The intradermal nevus is in the large group common nevus. In common language, nevus is known as a mole.
In the oral cavity these are known as intramucosal nevi.
General
- Benign.
- Common.
- Think melanoma.
Clinical:
- ABCD = asymmetric, borders (irregular), colour (black), diameter (large).
Microscopic
Features:
- Symmetrical lesion.
- "Matures" with depth.
- Less cellular with depth.
- Less nuclear atypia with depth.
- Smaller cells with depth.
- Smaller nests with depth.
- Rare mitoses (superficial).
- No deep mitoses.
- No destruction of surrounding structures.
- No nucleoli.
- In the dermis only - key feature.
- +/-Adipocytes - uncommon.[1]
DDx:
- Malignant melanoma (nevoid).
- Dysplastic nevus.
- Junctional nevus.
- Compound nevus.
- Skin tag.
- Mastocytosis.
Images
Sign out
Skin, Left Alar Crease, Biopsy: - Benign intradermal nevus.
Block letters
SKIN LESION, BACK, PUNCH BIOPSY: - BENIGN INTRADERMAL NEVUS.
Adipocytes present
SKIN LESION, BACK, PUNCH BIOPSY: - BENIGN INTRADERMAL NEVUS WITH MATURE ADIPOCYTES.
Clinically suspicious
SKIN LESION, LEFT UPPER ARM, PUNCH BIOPSY: - BENIGN INTRADERMAL NEVUS, INCOMPLETELY EXCISED. COMMENT: HMB-45 marks very rare superficial cells. Ki-67 staining does not show apparent melanocyte staining. MITF marks the melanocytes and demonstrates maturation of the melanocytes with depth.
Micro
The sections show melanocytes in the dermis separated from the epidermis by a Grenz zone. The lesion is symmetrical in its architecture and pigment distribution. Superficially, melanocytes are in nests. Melanocytes mature with depth. No mitotic activity is appreciated.

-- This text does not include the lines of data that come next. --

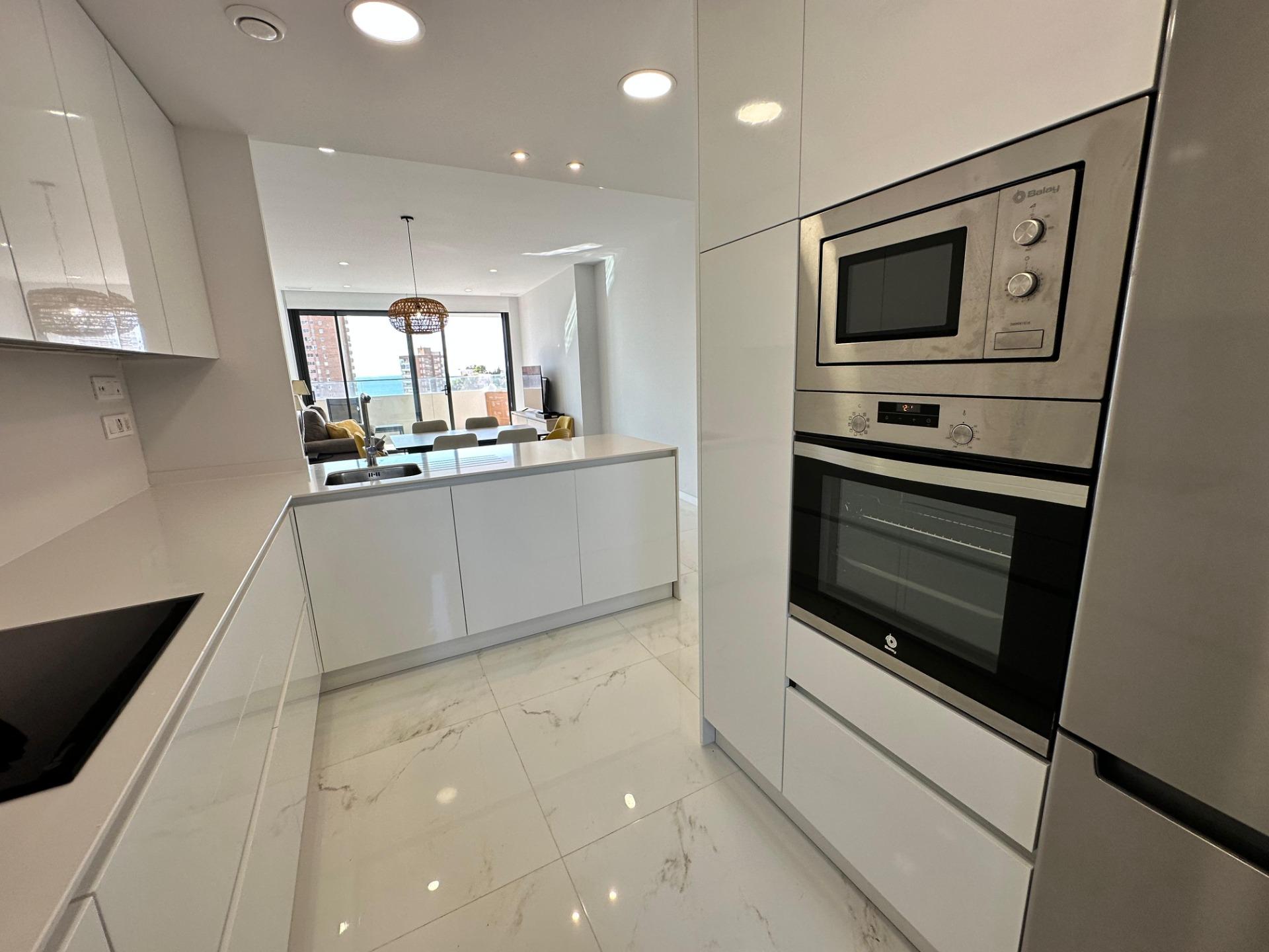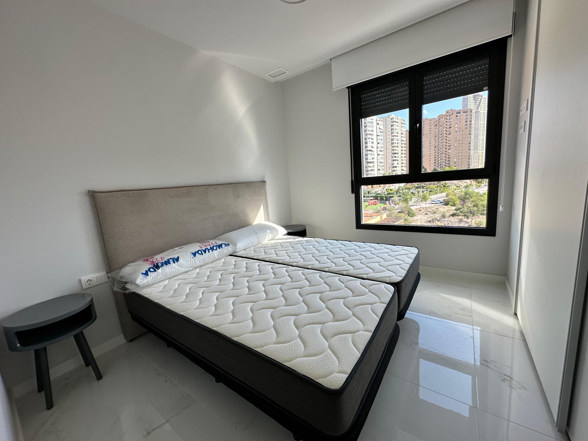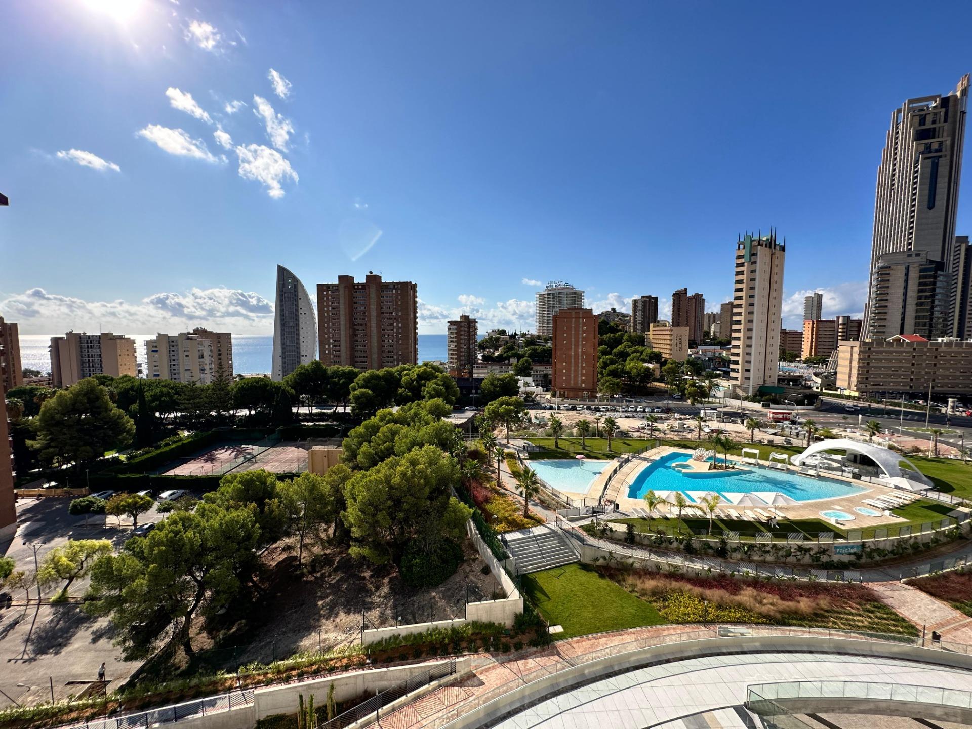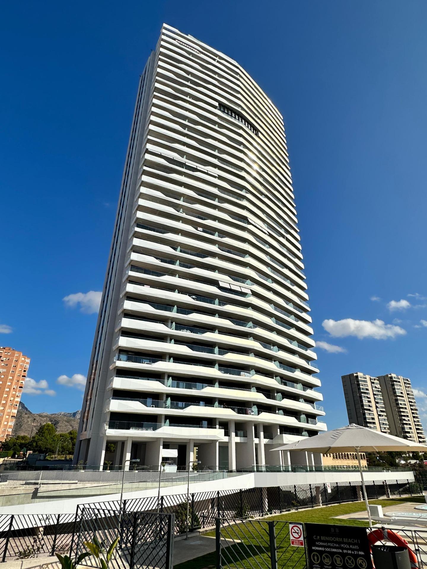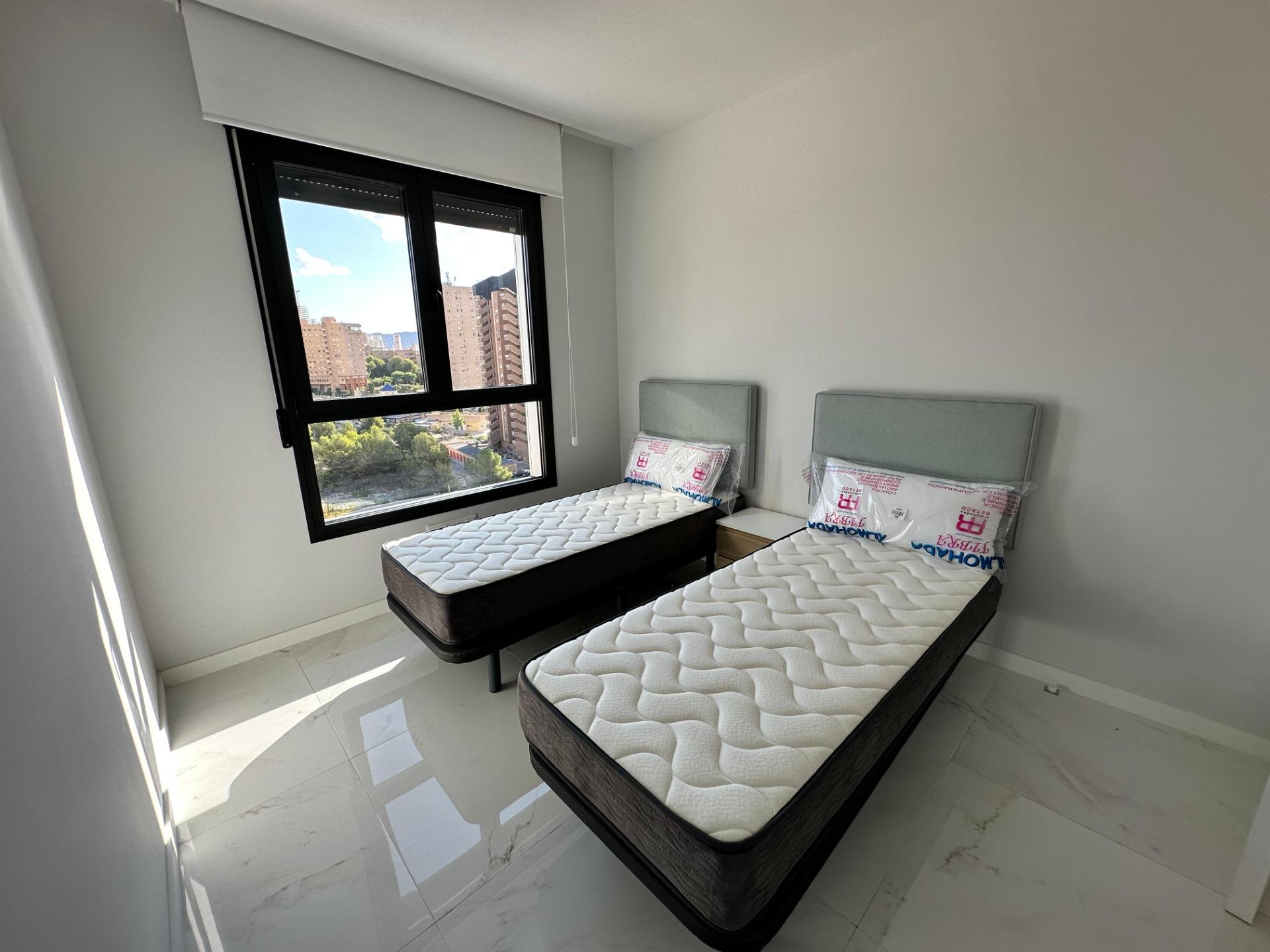 Gran Oferta. Apartamento nuevo a estrenar en Residencial Benidorm Beach.~Listo para entrar a vivir, todo nuevo.~Con 3 dormitorios, 2 baños, gran terraza, garaje.~Urbanización con piscinas, jacuzzi, pistas deportivas, gimnasio, sauna y mucho mas….~
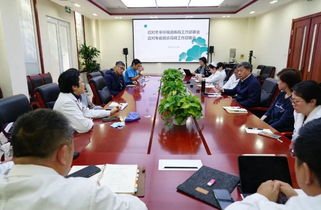 11月24日,北京中医医院召开应对冬季呼吸道疾病就诊高峰工作部署会,院长刘清泉、副院长杨国旺及相关科处室负责人参加会议。
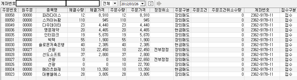 그래서 주문체결에 체결가격을 확인해보면서 계산을 해봐도

The lesion is completely excised in the plane of section.
IDN with congenital features
The sections show melanocytes in the dermis separated from the epidermis by a Grenz zone. The lesion is symmetrical in its architecture. Superficially, melanocytes are in nests. Melanocytes mature with depth and track along adnexal structures. No mitotic activity is appreciated. The lesion is incompletely excised in the plane of section.